**AIM OF THE TASK**: In the data below, find the line containing "此次演練是模擬現(xiàn)"; transcribe it and each line after it exactly, through the last, skipping pictures.

**DATASET EXTRACT**:

* * * * * * *

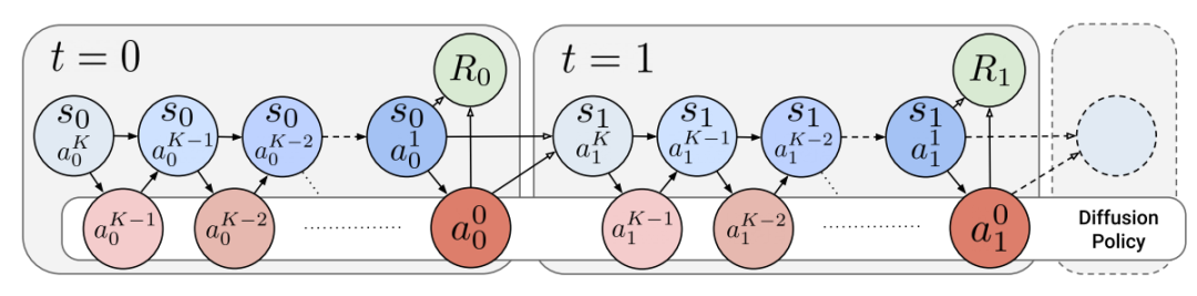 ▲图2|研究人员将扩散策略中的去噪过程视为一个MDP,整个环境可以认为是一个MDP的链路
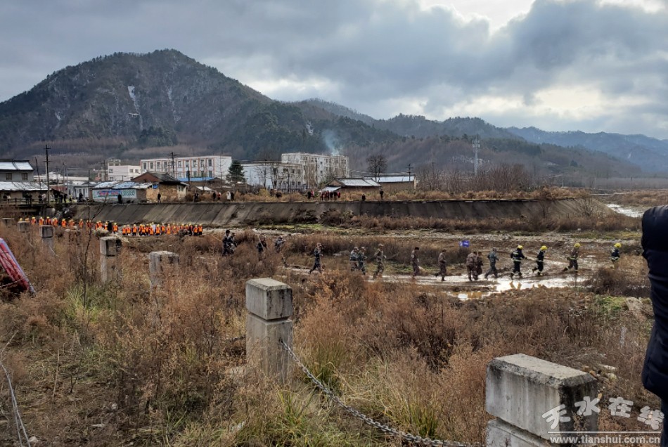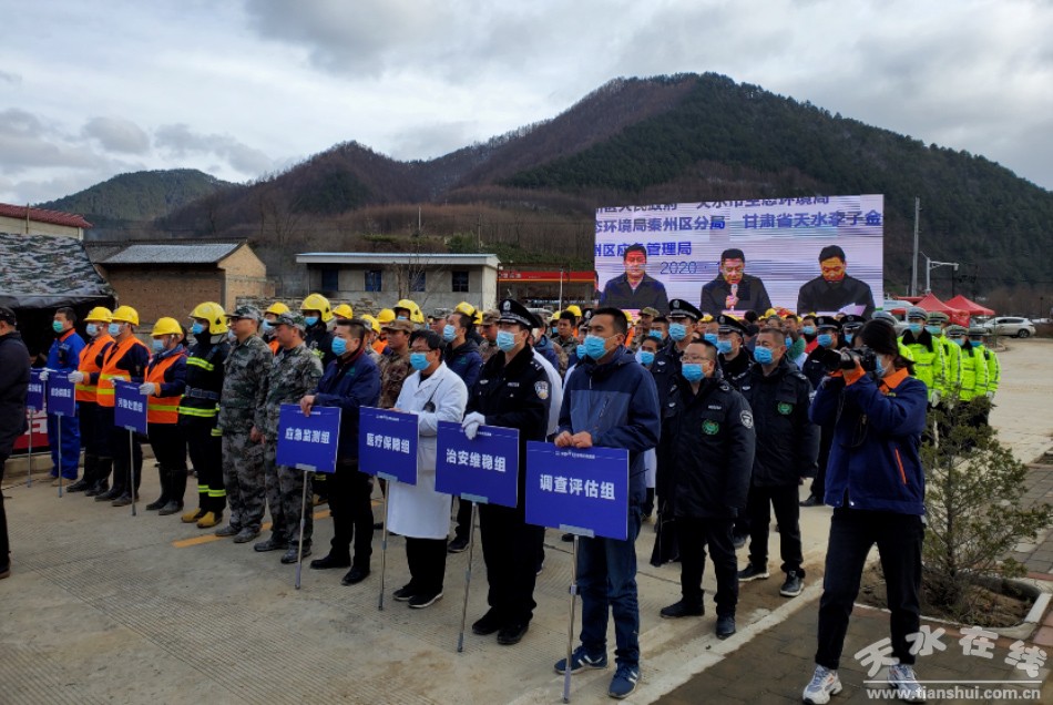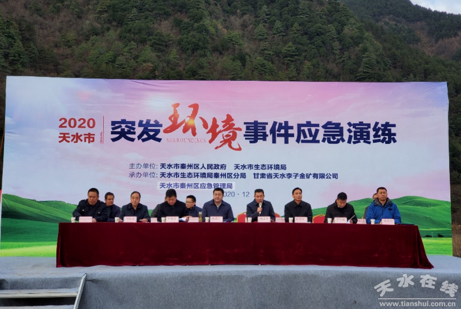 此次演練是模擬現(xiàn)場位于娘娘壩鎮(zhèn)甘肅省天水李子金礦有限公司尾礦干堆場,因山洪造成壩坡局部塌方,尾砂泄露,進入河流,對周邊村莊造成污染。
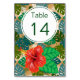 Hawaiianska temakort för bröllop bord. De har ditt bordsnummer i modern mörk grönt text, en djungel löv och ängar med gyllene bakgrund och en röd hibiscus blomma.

* * * * * * *

**YOUR RESPONSE**:
 此次演練是模擬現(xiàn)場位于娘娘壩鎮(zhèn)甘肅省天水李子金礦有限公司尾礦干堆場,因山洪造成壩坡局部塌方,尾砂泄露,進入河流,對周邊村莊造成污染。
 Hawaiianska temakort för bröllop bord. De har ditt bordsnummer i modern mörk grönt text, en djungel löv och ängar med gyllene bakgrund och en röd hibiscus blomma.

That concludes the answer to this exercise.